CONSOLIDATED STATEMENT OF COMPREHENSIVE INCOME FOR THE SECOND HALF AND FINANCIAL YEAR ENDED 31 DECEMBER 2022


STATEMENTS OF FINANCIAL POSITION

REVIEW OF GROUP PERFORMANCE

Consolidated Statement of Profit or Loss

Revenue by business segment

Financial Year 2022 vs Financial Year 2021

For the year ended 31 December 2022, the fish and accessories activities continued to be our core business segments, which together accounted for approximately 89.4% of the total revenue. The overall revenue registered of $75.3 million in FY 2022 was approximately $4.7 million or 5.9% lower than that reported in FY 2021. The reduction in revenue contribution from both the fish and accessories segments have resulted in a decrease in the Group’s overall revenue.

On a geographical basis, revenue from Singapore grew by 9.8%, while revenue from overseas dipped by 12.9% in FY 2022 as compared to FY 2021.

6 months ended 31 December 2022 vs 6 months ended 31 December 2021

Fish

On the ornamental fish front, the on-going Russia-Ukraine conflict and the geopolitical landscape continued to affect our fish exports to Russia and dampened the purchase sentiments of our customers in the surrounding region to a certain extent has resulted in a relatively lower revenue reported during the 2nd half of 2022 as compared to the pre-war days in FY 2021.

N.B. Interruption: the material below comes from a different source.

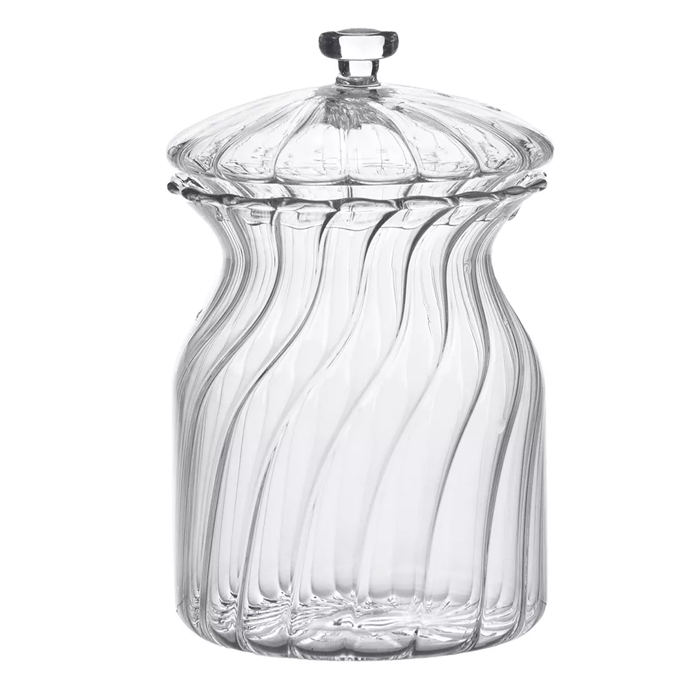 Dekorativní skleněná dózička s víčkem v retro stylu. Hodí se na cukrovinky, ale i šperky, klíče a jiné drobnosti.

Nonetheless, our aquaculture business, revolved around our farms in the Hainan Province in China, which was previously impacted by the extensive reduction in air cargo capacity and flight frequencies amidst the pandemic, saw a recuperation of revenue from this business segment with a stable flow of customers’ orders in the 2nd half of 2022 following the gradual resumption of air traffic since June 2022. This has alleviated the impact of the reduction in revenue contribution from the export of ornamental fish as mentioned above.

Although the above has given rise to an overall decline in the revenue contribution from our fish segment by $0.4 million or 2.3% in the current financial period as compared to its corresponding period in 2021, we will continue our efforts to increase our export of ornamental fish by diversifying to more customers and more countries around the world from our export hubs in Singapore, Malaysia, Thailand and Indonesia.

Accessories

Similarly for the accessories segment, our business activities in Guangzhou (China) were severely affected by the pandemic lockdown imposed by the local government to help limit the spread of Covid-19 infections, coupled with the weakened and conservative purchasing sentiments globally due to trade disruptions, geopolitical tensions and economic uncertainties, had resulted in the dive in our accessories revenue by approximately $3.1 million or 14.3% in the current financial period as compared to its corresponding period in 2021.

Plastics

Revenue from our plastics activities registered stable growth of $0.3 million or 6.9% in the current financial period as compared its corresponding period in 2021. We managed to stabilise our customer base, focusing on generating revenue through selling products with sustainable margins, such as essential items used to enhance hygiene protocols for the food and beverage packing and healthcare sectors.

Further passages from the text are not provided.